Saturday, January 17, 2009

Film Review: Bottle Shock (11-01-09)

Set in 1976, Alan Rickman is shop owner and wine connoisseur, Steven Spurrier, who looking to broaden the world’s palette and break the stranglehold French vinos had over the market at the time, heads to California in the perception that something ’big’ is happening amongst it’s vineyards. Not expecting major quality, he meets a variety of locals and decides their wine is actually good enough for a tasting competition he is holding back in France. The rest they say, is history.

For a film based on a seemingly important chapter in wine history, Bottle Shock’s major flaw is its almost forced elements of the relationships between its leads. It is not that padding such a distinctive story with dramatic liberties is bad, more that it is just not done that well here.

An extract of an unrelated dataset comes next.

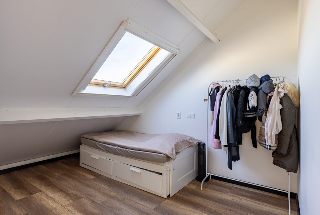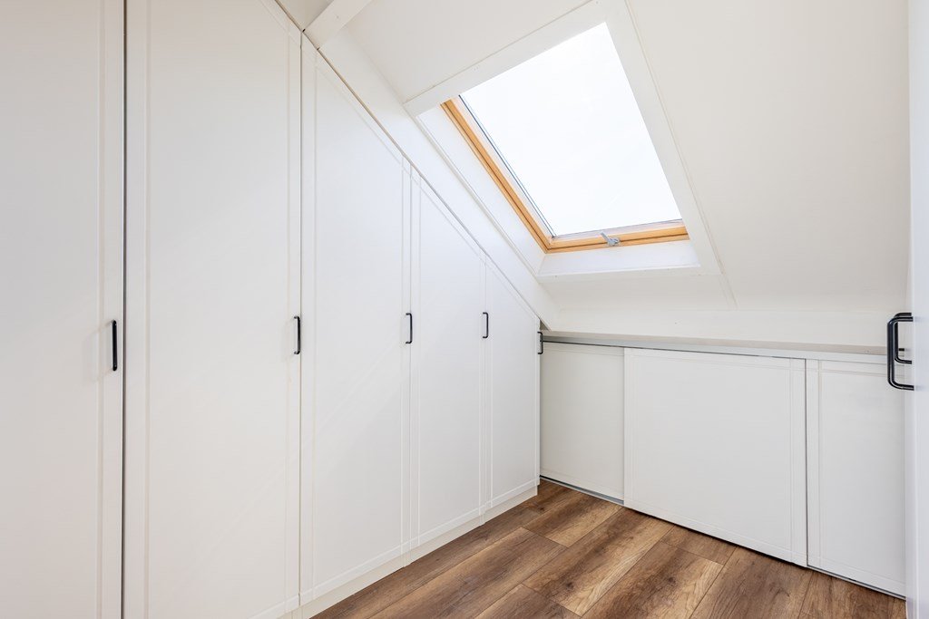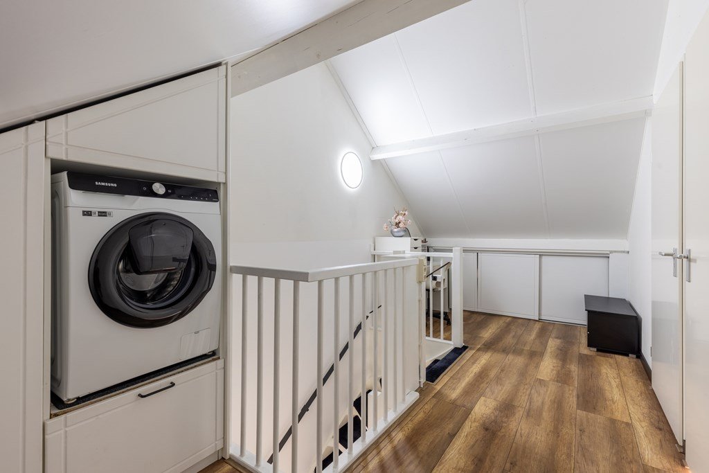 Ook de zolderverdieping verrast. Hier vind je een ruime overloop met wasmachine-opstelling, een extra slaapkamer en een aparte studeer/bergkamer. Een veelzijdige verdieping die je volledig naar eigen wens kunt gebruiken.

A film like this does need something to keep the interest of non-wine aficionados in the audience, so the idea is acceptable, but the script fails to deliver a little more than a few solid moments of comedy and drama amongst a traditional Hollywood relationship arc. It is nothing you haven’t seen before, but its positives make it worth a watch (only once) with Rickman and wine fans certainly getting the most out of it.

Bill Pullman and Freddy Rodriquez add some convincing dramatic weight to their roles of stubborn father to Chris Pine’s Bo and Mexican cellar rat with wine making ambitions of his own respectively, but they’re never given really too much to work with. Pine is fine enough as our lead who needs to pull his attitude, but the surfer-hippy wig he dons was borderline overly distracting to be honest. Rachael Taylor’s character of Sam is performed well enough I suppose, but it would probably help if I felt she needed to be there at all. The love triangle between her, Bo and Rodriquez’s Gustavo is clearly the films weakest link. As expected, Rickman is playing to type, but he is so much fun, every scene he is in is the film’s highlights, particularly ones involving him and a slightly eccentric Dennis Farina.

Director Randall Miller follows suit with the standardized story by not really being overly inspiring, though the California scenery is on show in all its bright glory, which makes the experience easy on the eye, also dubiously allowing the script’s flaws to wash over a little easier. Comparisons to the superior Sideways (one of my favourite films of recent years) would be unfair to both films and even though Bottle Shock would have benefited expanding on the actual wine making process over the love triangle guff, as it stands it is predictable, enjoyable fare that you could do a lot worse than with your favourite chardonnay on a lazy afternoon.